I've often wondered why courthouse screening doesn't generate the outrage that airport screening does. They are equally intrusive, yet complaints about airport screening fill the search engine results. Not so with courthouse screening.
In the news today is a report of a shooting at the Lloyd D. George Federal District Courthouse in Las Vegas, Nevada, in which a gunman killed a courthouse security officer and wounded a deputy U.S. Marshal. (News report here. And the U.S. Marshals Service statement here.)
I visit a courthouse seldom enough, but each time I get newly annoyed by the indignity of the screening. One has to wonder how prospective jurors perceive this as they line up for mandatory jury duty. Do they harbor any resentment as they are made to remove jewelry, strip off belts and empty their pockets as if they are about to get booked? Does that resentment linger as they sit in the jury box listening to a criminal defense theory about some overzealous law enforcement action?
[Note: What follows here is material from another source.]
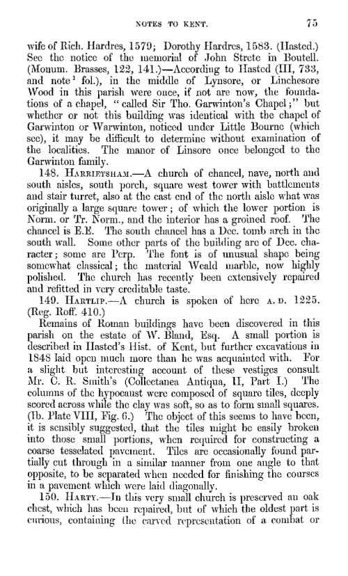 Notes on the churches in the counties of Kent, Sussex and Surrey by The Rev. Arthur Hussey, M.A. published by John Russell Smith, Soho Square, London in 1852
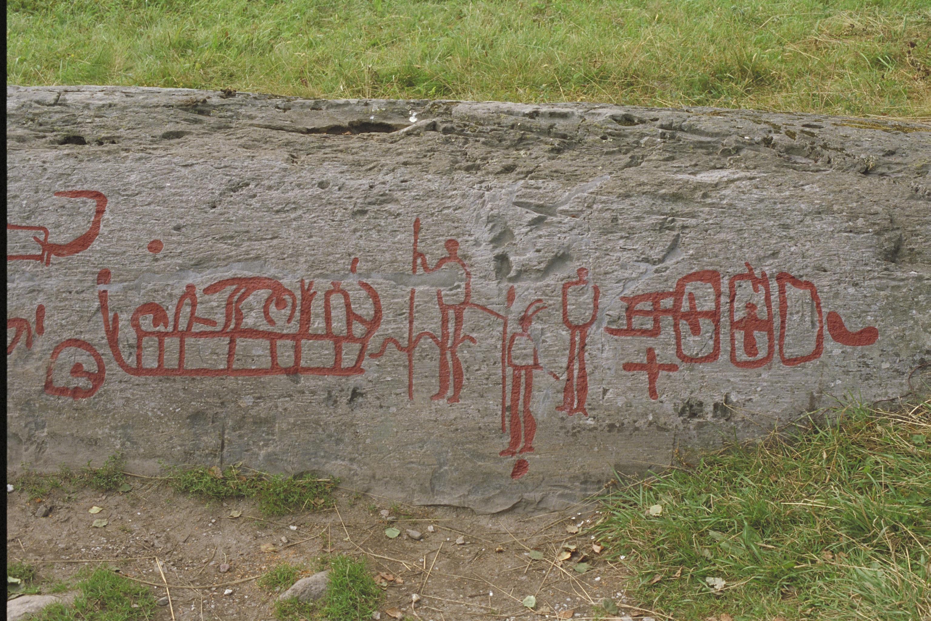 RAÄ-nummer Tisselskog 11:1. Processionshällen. Skeppsfigur med voltigör och människofigurer.

The resentment over the airport screening is certainly real enough. But if it exists as to courthouse screening it must lurk below the surface. Then we hear about the courthouse shooting today in Las Vegas. The intrusive screening isn't any less annoying, and courthouse shooting instances are extremely rare. But at least we can think of that incident as we try to empathize with the guards' suspicion that everyone is a potential killer.